■ WORK INSTRUCTIONS:
The line with "中国篮球协会根据国家体育总局" marks the first line to copy, and the line with "10月15日,学员们在孝昌县老年大学学习书法。新华社记者 伍志尊 摄" marks the last. Transcribe that stretch of the data below exactly, without pictures.

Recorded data
::::::::::

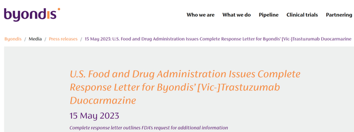5月15日,Byondis公司宣布收到FDA的完整回复函(CRL)。FDA在CRL中表示,暂停对靶向HER2的ADC药物SYD985生物制品许可申请(BLA)的批准,需要更多的信息来支持审批决定,这些信息也需要额外的时间来审查。Byondis方对FDA的决定感到遗憾,但是也表示将继续推进SYD985在欧盟和英国的上市。
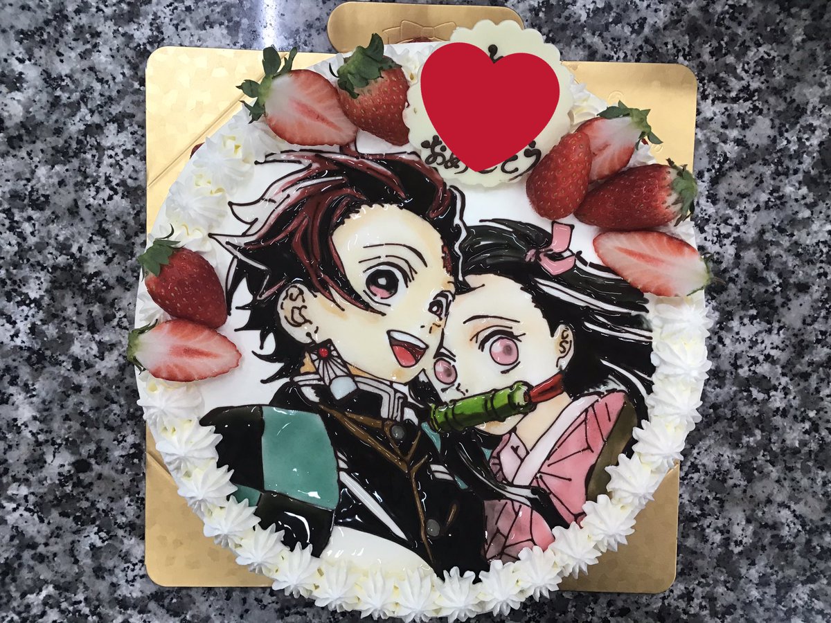 7 53 今日のお絵かきデコレーション🎋🎉🎂 今日のは7号と8号サイズを描きました😊 #鬼滅の刃 #竈門炭治郎 #竈門禰豆子 #シェーヌのお絵かきデコ 20/11/29 17:43
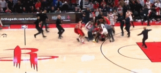 nba直播讯 阿门和希罗缠斗在一起,两人拉拽抱摔成为了导火索,随后多名球员汇集冲突升级,最终导致6人被驱逐。
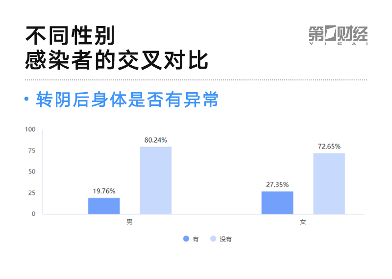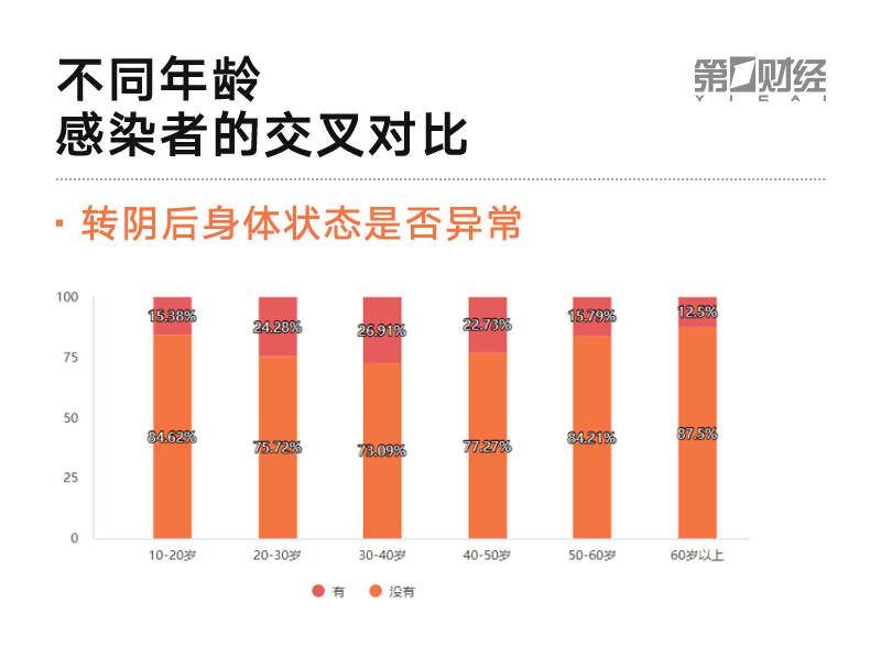 另外,根据调研结果分析,转阴后,中年人状态异常比例较高,这可能和中年人需要照料家庭的同时还要兼顾工作,没有足够的休养时间有一些关系。
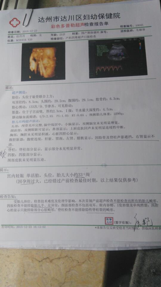 谁会看四维单子 求解,怀孕33周右肾看不清 谁会看四维单子。求解,怀孕33周右肾看不清 点击展开 惊 梦* 2015-12-23 18:02 为您推荐: 其他回答 不知道呢! 小河花🌹 2015-12-25 19:07 医生没说吗 宋宇涵妈咪 2015-12-23 19:45 你好,因为你现在怀孕时间比较长的关系,胎儿比较大了,因为胎位的问题,可能是会出现先生不清楚的情况,不一定是有问题的,你可以等孩子出生之后再复查看看有没有问题 ˿5784 2015-12-23 18:04 相关问题 23周四维彩超胎儿左右肾孟均宽0 7,25周右肾0 7左肾0 4 27周左肾0 7右肾0 8是不是慢慢变大了啊 怀孕八个月,去医院检查单子上写着因胎位关系胎儿面部结构看不清,但医生说没什么事,我担心胎位不正 怀孕33周,昨天去做检查胎心150次/分钟,没有做四维彩超,医生说让我注意胎动,但是,白天不怎么动
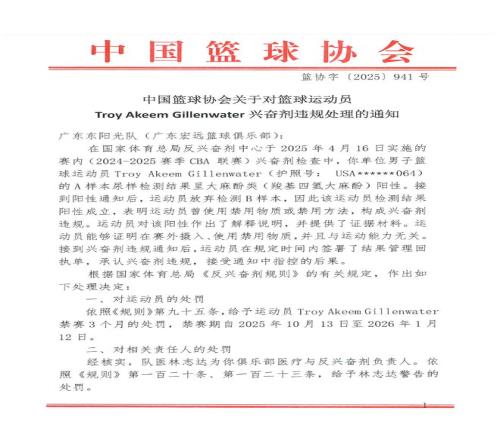 中国篮球协会根据国家体育总局《反兴奋剂规则》的有关规定,给予吉伦沃特禁赛3个月的处罚,禁赛期自2025年10月13日至2026年1月12日;对运动员管理单位广东东阳光队(广东宏远篮球俱乐部)警告,并负担20例兴奋剂检测费用(人民币:36000元)的处罚。
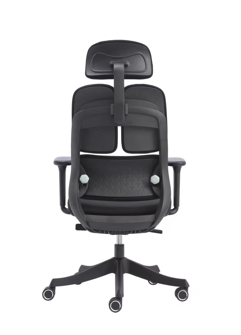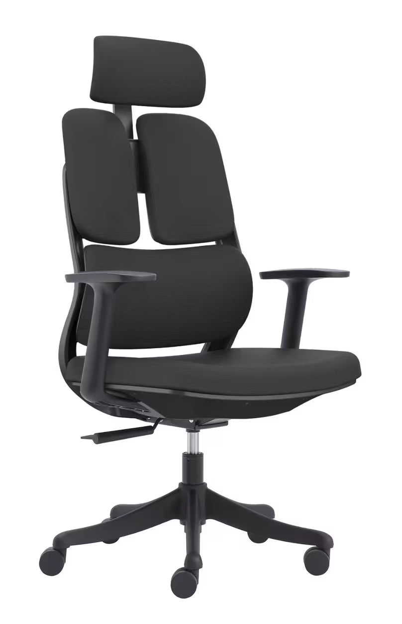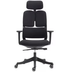 Ergonomska stolica u crnoj boji sa tapaciranim sedištem i naslonom, sedište sastavljeno od špera, sunđera debljine 8cm, tapacirano uzglavlje podesivo po visini i nagibu, elegantna PVC crna baza sa gumiranim točkićima, podešavanje visine gasnim amortizerom u crnoj boji, Slide sedišta (podsivo po dubini), sinhro mehanizam sa mogućnošću podešavanja nagiba stolice u tri položaja, rukohvati sa gumiranom oblogom podesivi po visini i dubini, opterećenje do 120kg. Ukupna visina sa uzglavljem : min: 118 cm - max:125 cm
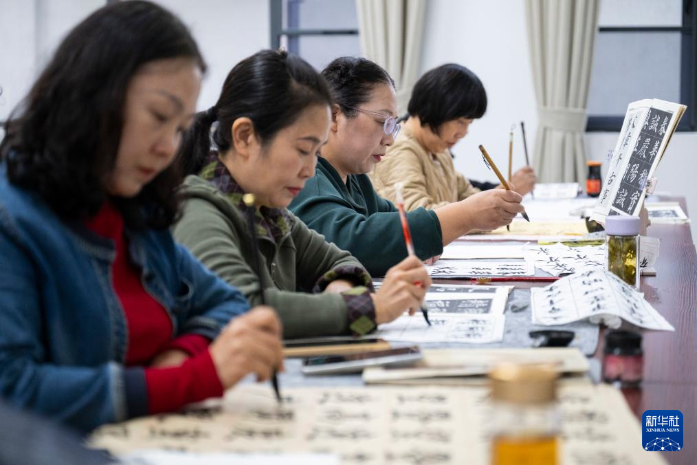 10月15日,学员们在孝昌县老年大学学习书法。新华社记者 伍志尊 摄
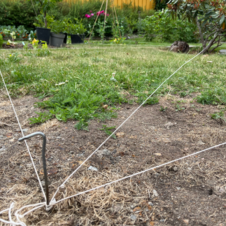 Ved hjelp av hvit hyssing og teltplugger fikk jeg en oversikt over form og størrelse og bestemte meg for at jeg skulle ha et frukttre i hvert av de fire hjørnene.
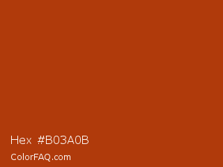 Hex #b03a0b Color is a normal orange color and the nearest color is Rust #b7410e. Hex code #b03a0b and RGB value is rgb(176,58,11). In RGB color space, this color is composed of 69% red, 23% green, 4% blue, In CMYK color space, this color is composed of 0% cyan, 67% magenta, 94% yellow , 31% black , In HSL color space, this color has a hue angle of 17° , 88% saturation and 37% lightness.

::::::::::

■ EXERCISE RESULT:
 中国篮球协会根据国家体育总局《反兴奋剂规则》的有关规定,给予吉伦沃特禁赛3个月的处罚,禁赛期自2025年10月13日至2026年1月12日;对运动员管理单位广东东阳光队(广东宏远篮球俱乐部)警告,并负担20例兴奋剂检测费用(人民币:36000元)的处罚。
 Ergonomska stolica u crnoj boji sa tapaciranim sedištem i naslonom, sedište sastavljeno od špera, sunđera debljine 8cm, tapacirano uzglavlje podesivo po visini i nagibu, elegantna PVC crna baza sa gumiranim točkićima, podešavanje visine gasnim amortizerom u crnoj boji, Slide sedišta (podsivo po dubini), sinhro mehanizam sa mogućnošću podešavanja nagiba stolice u tri položaja, rukohvati sa gumiranom oblogom podesivi po visini i dubini, opterećenje do 120kg. Ukupna visina sa uzglavljem : min: 118 cm - max:125 cm
 10月15日,学员们在孝昌县老年大学学习书法。新华社记者 伍志尊 摄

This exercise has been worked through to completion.